Make sure your bowl blanks are parallel front and back. I can chuck my screw up with the short 50mm jaws on and seat the blank against the jaws when I tighten it up so it stays square. Turn your tenon and when you reverse the mount you should still be pretty square.


----------



## robert421960 (Dec 9, 2010)

turn on your lathe without anything in the chuck and see if it wobbles.
i bet your blanks are just out of balance


----------



## tymann09 (Mar 4, 2011)

ok so, i don't want this to come out the wrong way, but i've turned over 50 bowls on 4 different lathes using similar methods wihtout fail. I rarely joint and plane both sides of my blanks prior to turning, it shouldn't matter if they are parallel or not (i don't use the tailstock) as long as i true up the bottom where the tenon or mortise is for the chuck to grip, it should be fine. like i said, i usually use the mortise and expand the chuck, i only go about an 1/8 deep sometimes 1/4 so the chuck bottoms out and squares itself out. it does appear the chuck wobbles slighty when there is nothing in it, but does this mean axle or chuck? i also feel that it's probably exagerated once there's a large piece of wood on it.


----------



## Gary Beasley (Jan 21, 2009)

Probably either the bearings or the axle then. Have you tried grabbing it and racking it back and forth to see if theres any play?
Another thing to try is to form the bowl bottom then unchuck it and rotate the bowl 90 or 180 and remount. If it's all square you will not see any wobble, if not it will exagerate the runout by double at the 180 position.


----------



## tymann09 (Mar 4, 2011)

gary, i will give both of those things a try. i didn't think to try racking it to see if there was play. I'll let you guys know.


----------



## tymann09 (Mar 4, 2011)

alright. played with the lathe a little. there is a slight slight wobble to the axle shaft. i'm not sure if the slightness is enough to throw it off or not. as far as shifting 90 degrees, the wobble is all the same. i turned the end true, and shifted it and it was fine, reverse the chuck and it wobbles. i'm actually contemplating a new lathe. the Jet 1442. just trying to decide if i can justify buying it right now.


----------



## Gary Beasley (Jan 21, 2009)

Maybe you can find something good on Craigs list. Even that $200 lathe that Rockler sells is pretty solid, I bought one when I first started turning, bought another for my son, then got a Delta 12" midi.

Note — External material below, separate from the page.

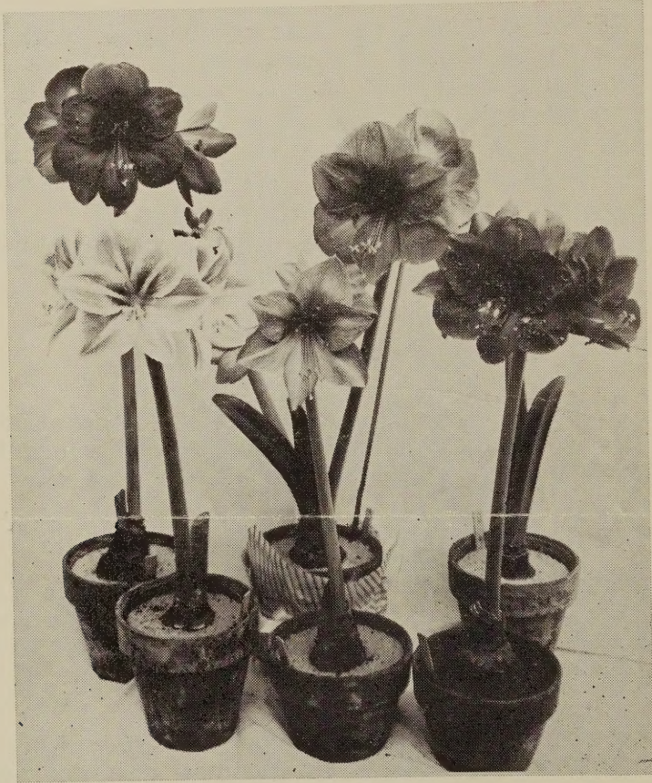
Rear — LUDWIG'S SPLENDOR — PRINCE of ORANGE — and PRIVATE strain reading left to right. Front — STRIPED BEAUTY — CRIMSON BEAUTY and ROYAL RUBY.

Still have the Rockler lathe as a backup.


----------



## tymann09 (Mar 4, 2011)

interesting about the smaller lathe. maybe i'll look into it for a temporary lathe. thanks.


----------



## robert421960 (Dec 9, 2010)

buy the delta 46-460 its well worth it and wont break the bank


----------



## tymann09 (Mar 4, 2011)

well, i don't WANT a mini/midi lathe i'd rather a full size one right now. i've got 2k that i can spend. my dilemna is that i'm moving around alot right now and a small one might be good for temporary use. if i got a small one, it would be a cheap one.


----------



## Gary Beasley (Jan 21, 2009)

Both mine have the extension beds on them so they can do a 39" long turning just like many other full sized lathes. How big a turning you have a hankering to do? Main think these lack is horspower for chewing off large amounts of wood.


----------



## tymann09 (Mar 4, 2011)

interesting. i like to turn live edge, square bowls and other funky things. i've also done several 14" bowls. I've turned on 3 full size lathes and 1 bench top lathe, a nova which was a dream but i can't remember which one it was. I was figuring that the bigger lathe would be better suited for me but perhaps i'm wrong. i plan on turning alot too, not just every once in awhile. would a midi or mini lathe be able to get what i want done?


----------



## robert421960 (Dec 9, 2010)

tymann09 said:


> interesting. i like to turn live edge, square bowls and other funky things. i've also done several 14" bowls. I've turned on 3 full size lathes and 1 bench top lathe, a nova which was a dream but i can't remember which one it was. I was figuring that the bigger lathe would be better suited for me but perhaps i'm wrong. i plan on turning alot too, not just every once in awhile. would a midi or mini lathe be able to get what i want done?


 the bigger lathe is meatier and will move around the shop less lol
you said you had 2 grand to spend so yea i would go for a full size lathe
the delta 46-460 is great for us on a smaller budget


----------



## tymann09 (Mar 4, 2011)

yea, i wouldn't mind having a nice benchtop/midi lathe. i just figured that i can afford it right now (might not be able to in a few months) that perhaps i should go with a larger one so i can have more capabilites. i'll keep on thinkin


----------



## Gary Beasley (Jan 21, 2009)

So if you get a full sized with outboard turning capability you will have the ability to turn most anything.


----------



## tymann09 (Mar 4, 2011)

good point.


----------